DATA SHOWN ->
+++
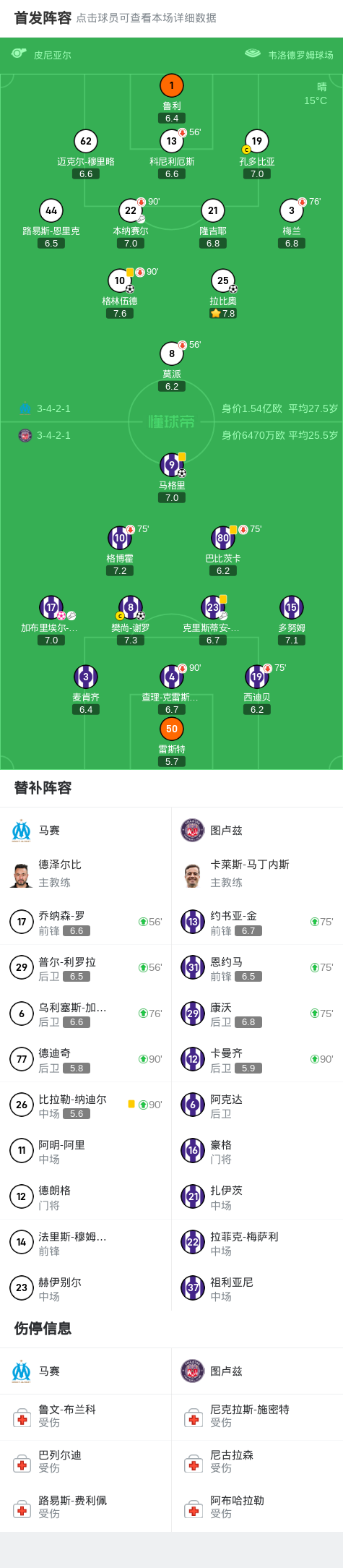 第76分钟,谢罗禁区插上垫射破门,马赛3-2图卢兹
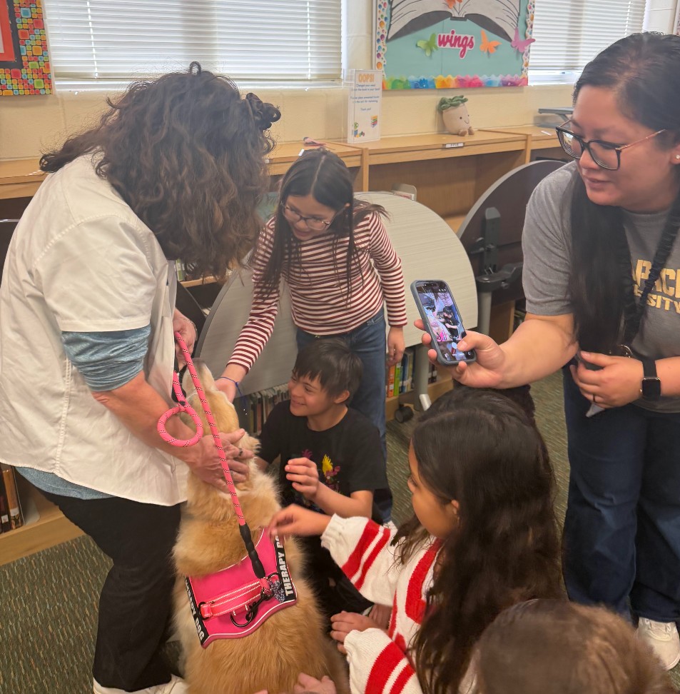 To celebrate the book’s themes, a therapy dog from Therapy Animals of San Antonio surprised students, making the experience both memorable and meaningful.
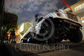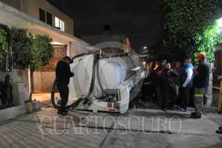 CIUDAD DE MÉXICO, 22ABRIL2016.- A causa del hundimiento de tierra por una fuga de agua en la calle Privada A del pueblo de Culhuacán, una pipa que transportaba agua potable para abastecer dicha colonia, se hundió del eje trasero, al quebrarse el concreto que sostenía el piso firme de esta calle. Bomberos y protección civil, laboraron en este lugar por casi 9 horas para retirar el pesado vehículo. FOTO: LUIS CARBAYO /CUARTOSCURO.COM
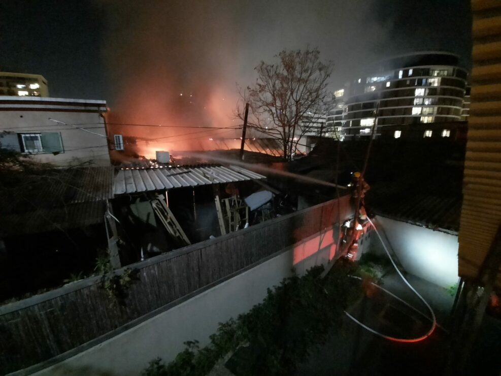 שבעה צוותי כיבוי בפיקודו של צחי אלאלוף פועלים ברגעים אלה לכיבוי שריפה בנגריה ברחוב פלורנטין פינת חצרים בתל אביב.
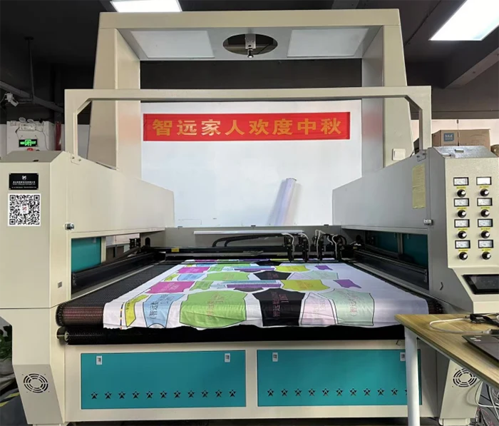 1) థర్మల్ సబ్లిమేషన్ స్పోర్ట్స్వేర్: థర్మల్ సబ్లిమేషన్ స్పోర్ట్స్వేర్ యొక్క ప్రాసెసింగ్ కోసం, పనోరమిక్ విజన్ లేజర్ కట్టింగ్ మెషీన్ వివిధ స్పోర్ట్స్ ఎలిమెంట్స్, బ్రాండ్ లోగోలు మరియు ఇతర నమూనాలతో ముద్రించిన బట్టలను ఖచ్చితంగా కత్తిరించగలదు. అదే సమయంలో, వేర్వేరు పరిమాణాలు మరియు క్రీడా దుస్తుల యొక్క విభిన్న శైలుల యొక్క చిన్న బ్యాచ్ అనుకూలీకరణ అవసరాల నేపథ్యంలో, ఇది గ్రాఫిక్స్ యొక్క నిజ-సమయ సవరణ మరియు వివిధ ప్రాసెసింగ్ ఫార్మాట్ల యొక్క ప్రయోజనాలకు మద్దతు ఇవ్వడం ద్వారా కట్టింగ్ పథకాన్ని త్వరగా సర్దుబాటు చేస్తుంది, తద్వారా వ్యక్తిగతీకరించిన అనుకూలీకరణ యొక్క అవసరాలను తీర్చడానికి మరియు స్పోర్ట్వేర్ యొక్క మొత్తం అందం మరియు వృత్తి నైపుణ్యాన్ని మెరుగుపరచడానికి.
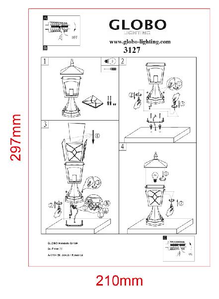 Уличный столб 3127 изготавливается брендом Globo, относящаяся к коллекции Atlanta. Габаритные размеры: длина 375 мм, высота 185 мм, ширина 185 мм.
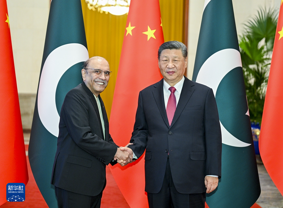 扎尔达里表示,巴基斯坦和中国是亲密邻邦,更是全天候的好朋友、好伙伴。巴中友谊历经风雨,两国人民的心始终紧紧相连。无论形势如何变化,巴方都将毫不动摇同中方站在一起。巴方感谢中方为巴经济社会发展提供无私帮助,愿学习中国成功经验,推动中巴经济走廊和各领域合作高质量发展,助力巴基斯坦实现工业化和现代化。在习近平主席英明指引下,中国在国际事务中发挥越来越大的引领作用,日益成为维护世界和平、稳定、繁荣的重要力量。巴方愿同中方密切配合,坚持多边主义,维护自由贸易,促进两国和广大发展中国家的共同利益。
+++
The result should hold only the lines from the line with "Уличный столб 3127" through the final line of the records above, copied exactly, with pictures left out.

 Уличный столб 3127 изготавливается брендом Globo, относящаяся к коллекции Atlanta. Габаритные размеры: длина 375 мм, высота 185 мм, ширина 185 мм.
 扎尔达里表示,巴基斯坦和中国是亲密邻邦,更是全天候的好朋友、好伙伴。巴中友谊历经风雨,两国人民的心始终紧紧相连。无论形势如何变化,巴方都将毫不动摇同中方站在一起。巴方感谢中方为巴经济社会发展提供无私帮助,愿学习中国成功经验,推动中巴经济走廊和各领域合作高质量发展,助力巴基斯坦实现工业化和现代化。在习近平主席英明指引下,中国在国际事务中发挥越来越大的引领作用,日益成为维护世界和平、稳定、繁荣的重要力量。巴方愿同中方密切配合,坚持多边主义,维护自由贸易,促进两国和广大发展中国家的共同利益。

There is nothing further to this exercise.